Mnl1p Is an ER Protein-- MNL1 (YHR204W) on yeast chromosome VIII encodes an alpha -mannosidase-like protein, which is 796 amino acids long, with a calculated molecular weight of 92,206. The predicted amino acid sequence of Mnl1p shows 25% identity with Mns1p, yeast alpha 1,2-mannosidase that converts glycosyl residues from Man9GlcNAc2 to Man8GlcNAc2 in the ER (Fig. 1A). Mns1p is a type II ER transmembrane glycoprotein with its N-terminal hydrophobic segment functioning as a signal-anchor sequence. The question of whether the segment of hydrophobic residues 1-21 (Fig. 1A) functions as a signal-anchor sequence to make Mnl1p a type-II membrane protein should await future studies.

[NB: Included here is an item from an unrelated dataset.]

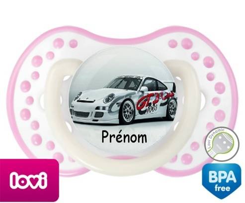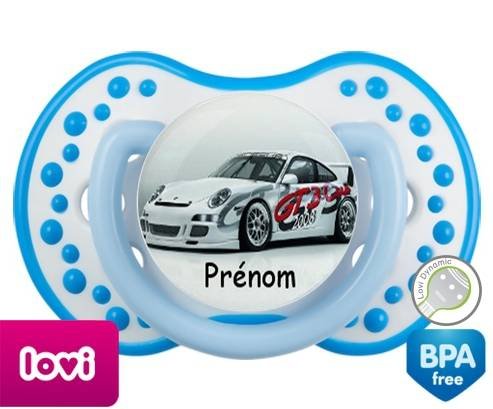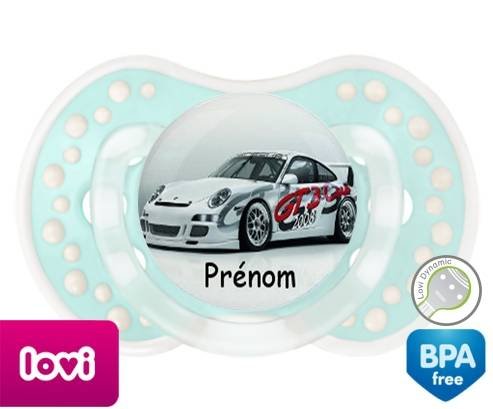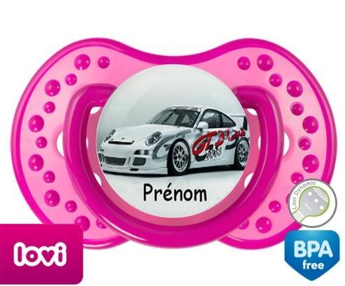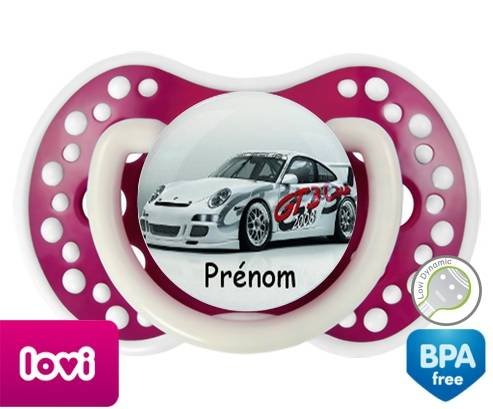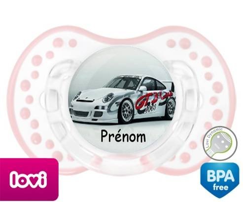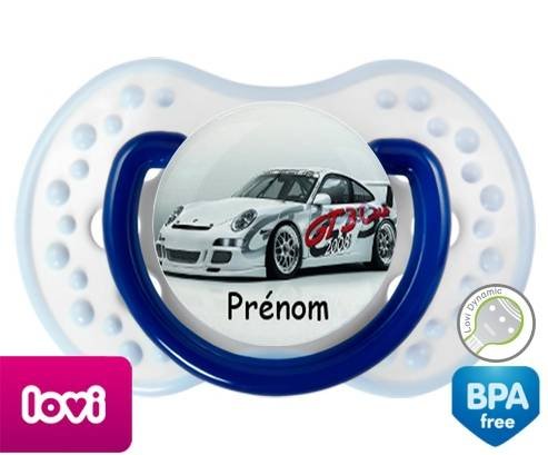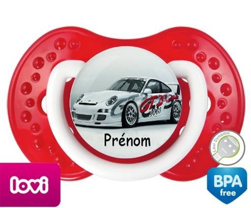 Sucette personnalisée pour bébé Voiture de course + prénom à embout LOVI Dynamic en silicone de la marque Lovi Dynamic avec impression en en Couleurs de la collection Prénom personnalisé.La silicone se reconnaît par sa couleur transparente. C'est une matière souple, douce, sans goût ni odeur et offre à bébé une succion plus facile grâce à sa souplesse.
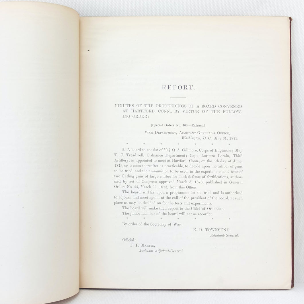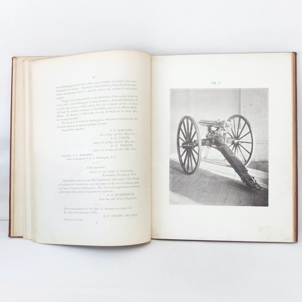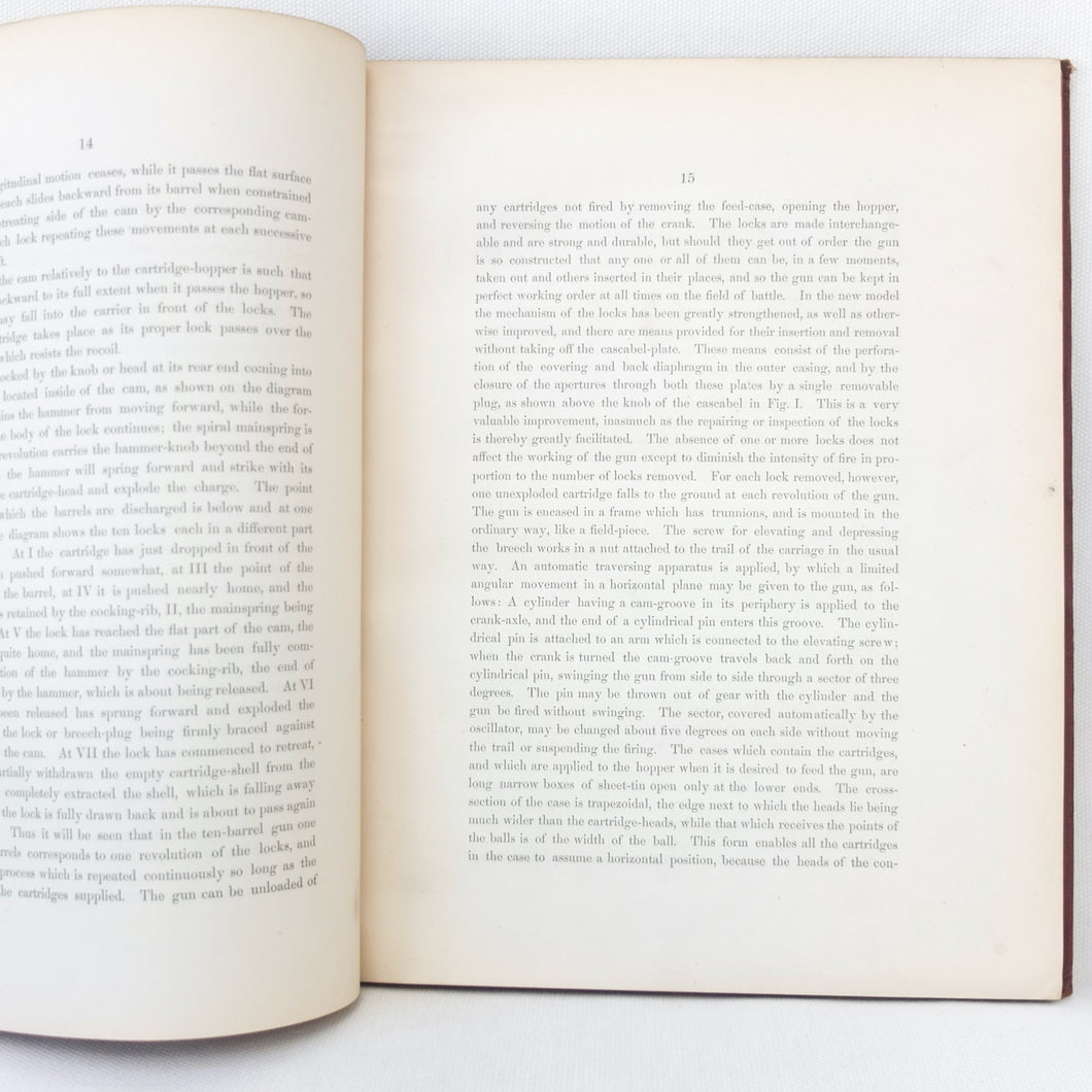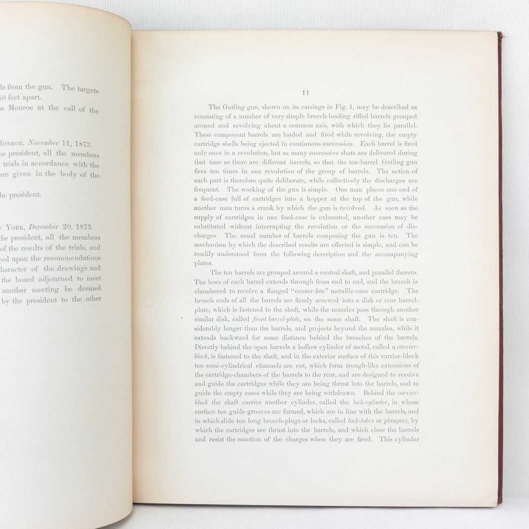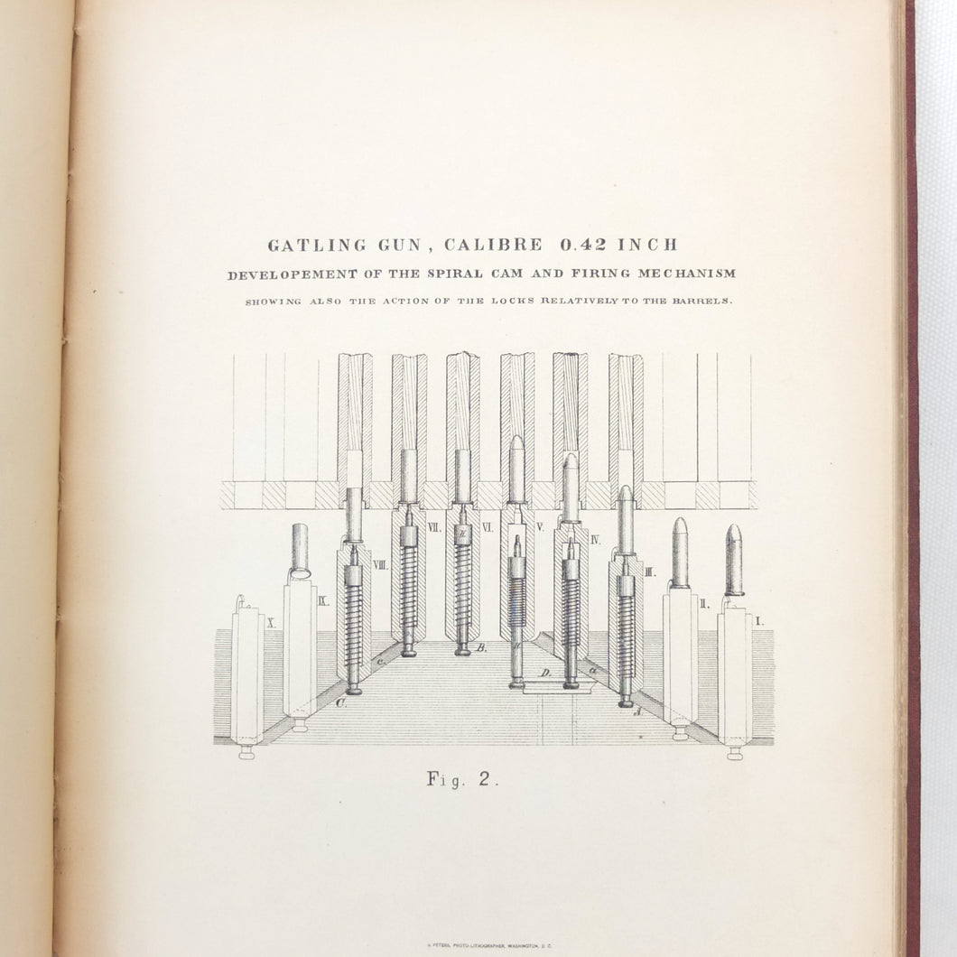 The very rare 1874 1st edition of the Ordnance Memoranda No. 17 - Gatling Guns, a US government report on the accuracy and standardization of the Gatling gun, invented by Richard J. Gatling (1818-1903) in 1861. Gatling guns are considered the first successful machine guns and forerunner to the modern electric motor-driven rotary cannon. Gatling wrote that he invented it to reduce the size armies, thus reducing deaths by combat and disease. The Gatling was one of the earliest machine guns which revolutionised warfare in the mid to late 19th century. But by the mid 1890’s the Gatling-type hand-cranked weapons had been rendered obsolete by the vastly superior new generation of fully automatic recoil-operated Vickers-Maxim machine guns.

The amino acid residues involved in the substrate binding, Ca2+ binding, and catalytic activity in Mns1p (22) are conserved in Mnl1p except for the two cysteine residues (Cys340 and Cys385 in Mns1p) that form a disulfide bridge and are essential for the alpha -mannosidase activity (13, 22). The lack of the essential cysteine residues in Mnl1p suggests that Mnl1p is unlikely to have the alpha -mannosidase activity. The C-terminal part of Mnl1p shows no homology with any proteins deposited in the data base.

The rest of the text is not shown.